Lettie looked down at her with a knowing eye. ‘You’re wasting your time with that one,’ she said. ‘She’s a goner, if you ask me.’

‘No one’s asking you, are they?’

‘Just giving my opinion.’

‘Dr Tremayne seems to think she stands a chance.’

‘Dr Tremayne isn’t much more than a kid himself,’ Lettie dismissed. ‘That one might have stood more chance if she’d had Mr Cooper operate on her.’

‘I expect next time she decides to collapse with massive haemorrhaging, she’ll remember to wait until Mr Cooper’s clinic hours,’ Dora said.
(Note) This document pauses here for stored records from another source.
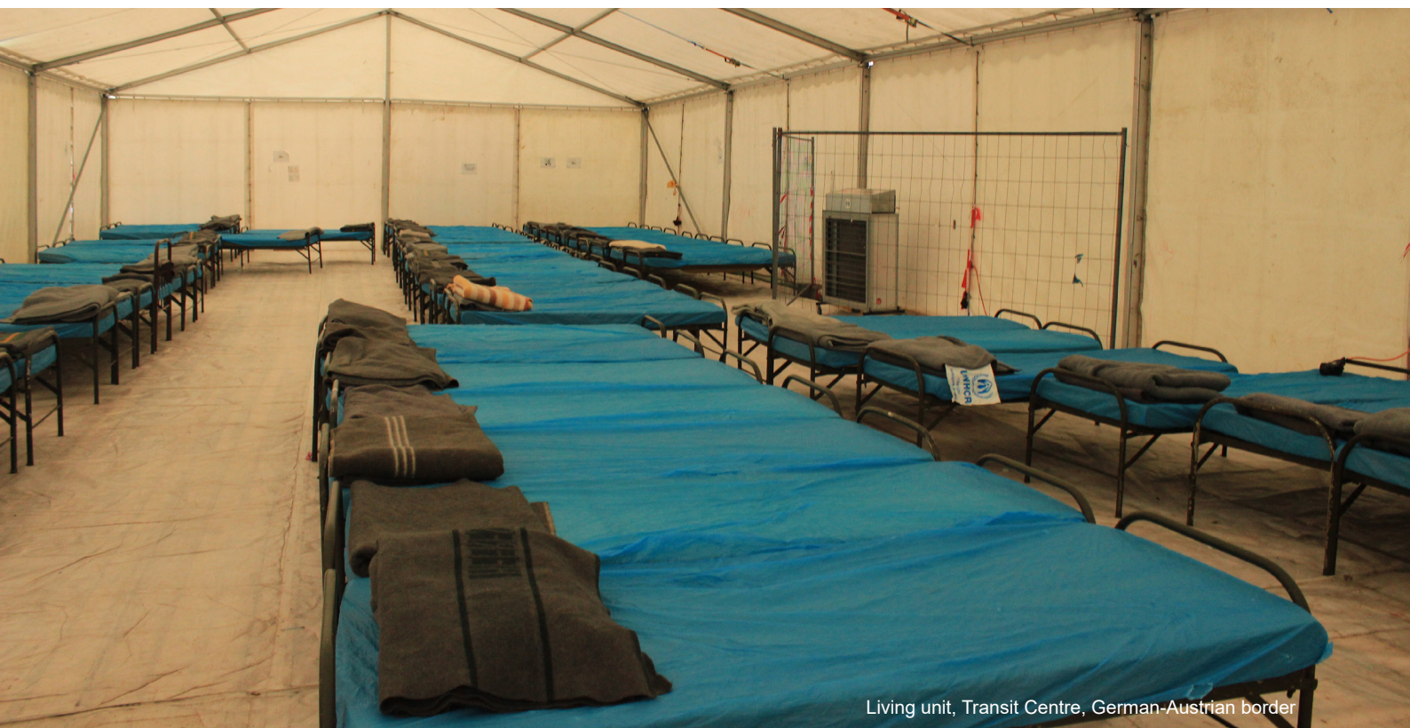
Living unit, Transit Centre, German-Austrian border

According to the Head of Operations at Asfinag Transit Centre, on the date of visit, 1 December 2015, there were approximately 200 asylum seekers staying in the centre. They are housed in two separate buildings in the complex which are federally managed. According to ORF, as of 20 November, almost half of the places in Asfinag were being used to house asylum seekers. 150 Asylum seekers stay in the centre until a more appropriate reception place becomes available; however given the lack of suitable places, asylum seekers can end up staying in transit centres for the duration of the asylum procedure in wholly unsuitable conditions. Their accommodation is an old warehouse where there are rows and rows of bunkbeds.
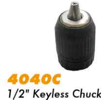
4040C 1/2" Keyless Chuck
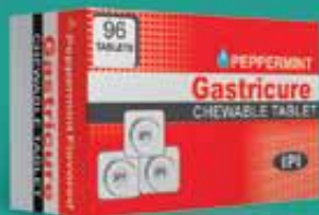
Gastricure Chewable Tablet
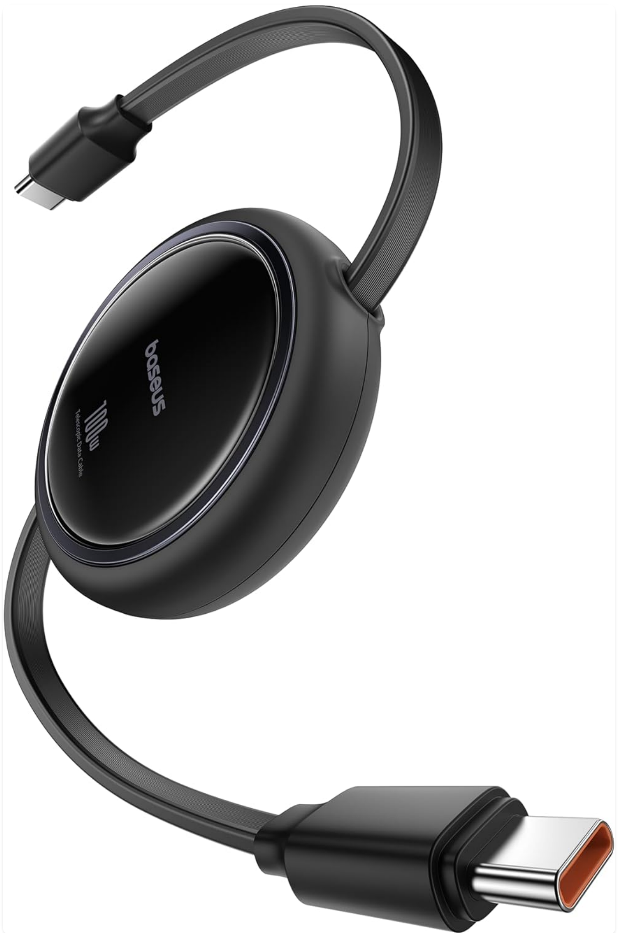
Figure 1: The Baseus 100W Retractable USB C Cable in black, showcasing its compact, circular design with both USB-C connectors extended.

‘There won’t be a next time, will there?’ Lettie smiled nastily. ‘From what I hear, she’d let it get so bad Dr Tremayne had to take it all away.’ She looked down at the girl in the bed without sympathy. ‘I wonder if she’d have been so quick to get rid of that baby she was carrying if she’d known it was her last chance?’

‘Haven’t you got any work to do, Lettie?’ Dora turned on her, fighting to keep her temper.

‘Pardon me for breathing, I’m sure. But I take my orders from Sister, not you!’

Lettie hauled the coal bucket out of the room, slamming the door behind her. Dora turned back to the girl. Poor little thing, she thought. She looked so young, not much older than her sister Josie by the look of it. Her skin was as pale as pearl, her eyelids so translucent Dora could see the tracery of fine blue veins.

Lettie might be a vicious witch, but she was right about one thing, Dora thought. This girl, whoever she was, had said goodbye to her chances of ever having another child. But if she was desperate enough to turn to a backstreet abortionist, then perhaps she was too desperate to care anyway.

‘Now then, little Miss No Name,’ she whispered, covering the girl’s small hand with hers. The skin on her palm was rubbed raw. ‘How about you prove that old cow Lettie wrong and wake up, eh?’

It was just turned eight o’clock when the girl came round, and even longer before she was able to understand what was going on. Her eyelids fluttered open and she stared straight up at Dora. Her eyes were green, flecked with amber like a cat’s.

‘Hello,’ Dora greeted her with a smile.

The girl’s gaze darted around the room, then fixed back on Dora. ‘Where am I?’

‘In the Nightingale Hospital, love. You’ve been very poorly, but you’re getting better now.’

Emotions passed like clouds across her face as realisation dawned. ‘I collapsed.’ She frowned, trying to put it all together. ‘There was so much blood—’

‘You were in a bad way, love.’

She drew in a deep, shuddering breath. ‘She . . . she said it would be all right. She said I wouldn’t feel a thing and no one would need to know anything about it. But there was so much pain, so much blood. I thought I was going to die—’

What little colour she had drained from her face and Dora grabbed the enamel receiver dish, just as the girl leant over and retched into it.

‘Shh, don’t say any more,’ she said softly, stroking the girl’s hair back off her face. ‘You don’t want to tell too many people what happened, all right? As far as anyone else needs to know, you lost your baby.’

The girl nodded dumbly. Even in her state, she understood that admitting to an illegal abortion could get her locked up. Most doctors and nurses turned a blind eye for the sake of the poor women, but Dora knew there were some who might not.

‘Anyway, it’s all over now, and you got through it. I’ll fetch you some water, shall I?’

She felt the girl watching her as she filled a glass with water from the jug beside the bed. ‘Does my dad know I’m here?’ she asked fearfully.

‘I don’t think so, love. You turned up in the emergency department in the early hours, but I don’t know who brought you.’ Dora held the glass to her lips. ‘We don’t even know your name?’

‘It’s Jennie. Jennie Armstrong.’ She pushed the glass away and looked up at Dora. ‘I came here by myself,’ she said. ‘I started walking, but I ended up on my hands and knees when the pain got too bad.’

‘That explains all these scratches and grazes.’ Dora turned her palm over to show her. ‘Your knees are rubbed raw too. You poor girl, why on earth didn’t you call an ambulance?’

Jennie’s chin tilted. ‘I didn’t want no ambulance coming to the house, in case someone told my dad.’